Most bioinformatics tools can be installed on Unix-like operating systems (Linux, Mac OS X), and can be used in different environments. 

- Terminal of your own computer (Linux, Mac OS X)
- Virtual Machine (e.g. [VirtualBox](https://www.virtualbox.org/), [VWMare](https://www.vmware.com/))
- Containers ([Docker](https://www.docker.com/), [singularity](https://www.sylabs.io/singularity/))
- Terminal of a remote computer (via an `ssh` connection)
- Bureau Virtuel

## Virtual machines

- Components

    - host: can be your own computer (note: also used to deploy services on HPC computers)
    - host operating system (Linux, Mac, Windows)
    - virtual machine (VM) : emulation of an other computer, that runs on the host machine
    - operating system of the VM: Linux, Windows, ...
    - hypervisor (= monitor): software that runs the virtual machines on the host

- Typical applications

    - run a Linux OS on a Windows or Macintosh PC
    - test a software under different operating systems
    - isolate a service from the host system (security, resource segmentation)

- Examples of hypervisors

    - VirtualBox (<https://www.virtualbox.org/>)
    - VWMare (<https://www.vmware.com/>)


## Container-based virtualisation

- Applications run on a shared operating system without requiring a virtual machine


- Advantages

    - modular combination of applications and libraries ("à la carte")
    - less resource-consuming than virtual machines

- Container management software

    - Docker (<https://www.docker.com/>)
    - singularity (<https://www.sylabs.io/singularity/>)

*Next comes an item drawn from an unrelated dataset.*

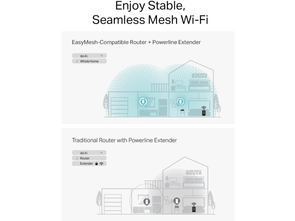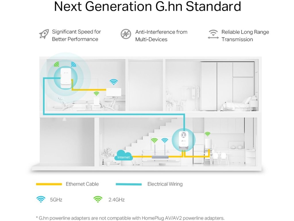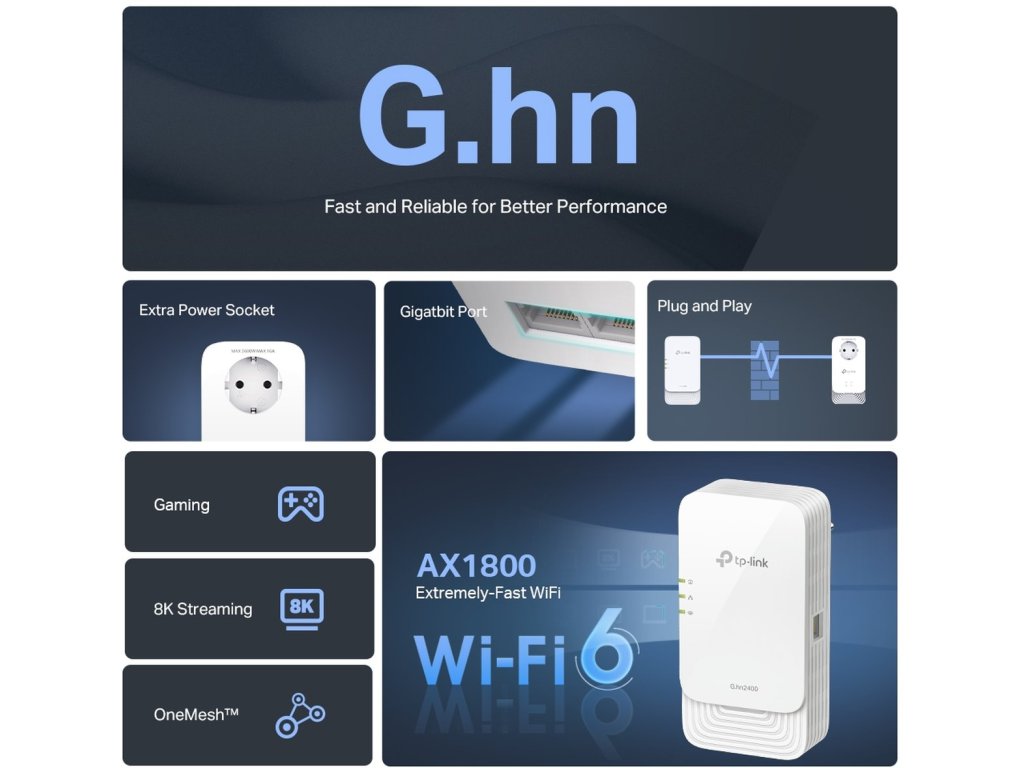 Nové technológie, ktoré prichádzajú s 802.11ax, ako je 1024QAM a Long OFDM umožňujú powerline jednotkám poskytovať špičkové rýchlosti až 574 Mb/s v pásme 2,4 GHz a až 1201 Mb/s v pásme 5 GHz. Užijete si bleskové rýchlosti bez akéhokoľvek oneskorenia.

## Virtual machines versus containers


```{r out.width="90%", fig.cap="**Comparaison of virtualisation solutions.** Right: Virtual Machine; Center: Docker container; right: Singularity container. Source: Greg Kurtzer keynote at HPC Advisory Council 2017 @ Stanford"}
include_graphics("images/vm_vs_container.png")
```


## Installation of software tools in the local operating system

- Advantages

    - Immediate availability of the tools
    - Direct invocation by the native operating system (more efficient)

- Weaknesses

    - Dependences (system libraries, language libraries, other executables)
    - Incompatibilities between dependences of different tools
    - The installation of some tools and libraries requires admin rights
    - OS-dependency of package managers ([package managers](https://en.wikipedia.org/wiki/Package_manager)): apt-get, yum, ports, brew, ...
    - Some applications and libraries are available only on some package managers. 

## Conda packages

- Doc : <https://conda.io/docs/>

- Advantages

    - A multi-platform package manager (Linux, Mac OS X, Windows)
    - All the installations can be done at the user-level (no need to be admin)
    - Community project supported by a large community (computer scientists, statisticians, bioinformaticians, ...) $\rightarrow$ ever-increasing number of supported tools an libraries 
    - Continuous integration $\rightarrow$ very fast response to requests
    - Very precise management of the dependencies and version
    - Seamingless management of uninstallation for no more required software
    - Trying it is adopting it!

- Weaknesses

    - If each used installs each tool and dependencies in her/his own account, this creates redundancy and waste of storage space.

## Computer cluster

A cluster is a set of computers (denotes as **nodes**) that work together and can be seen as a single system. Clusters are generally used to run parallel computing


```{r out.width="60%", fig.cap="**Grappe de serveurs.** En avant-plan: *Homo sapiens* tentant d'établir une interaction physique avec les machines.  Source: <https://en.wikipedia.org/wiki/Parallel_computing>"}
include_graphics("images/600px-IBM_Blue_Gene_P_supercomputer.jpg")
```


## Parallel computing


Parallel computing consists in running simultaneously a series of processes on a computer system. 

Tasks can be distributed on several Computer Processing Units (**CPUs**) of a same computer and/or on several computers (cluster).

The distribution of tasks on nodes and CPUs relies on a **job scheduler**. Users submit jobs (in the form of command lines or scripts) to the scheduler, which manages their execution on the different nodes and CPUs.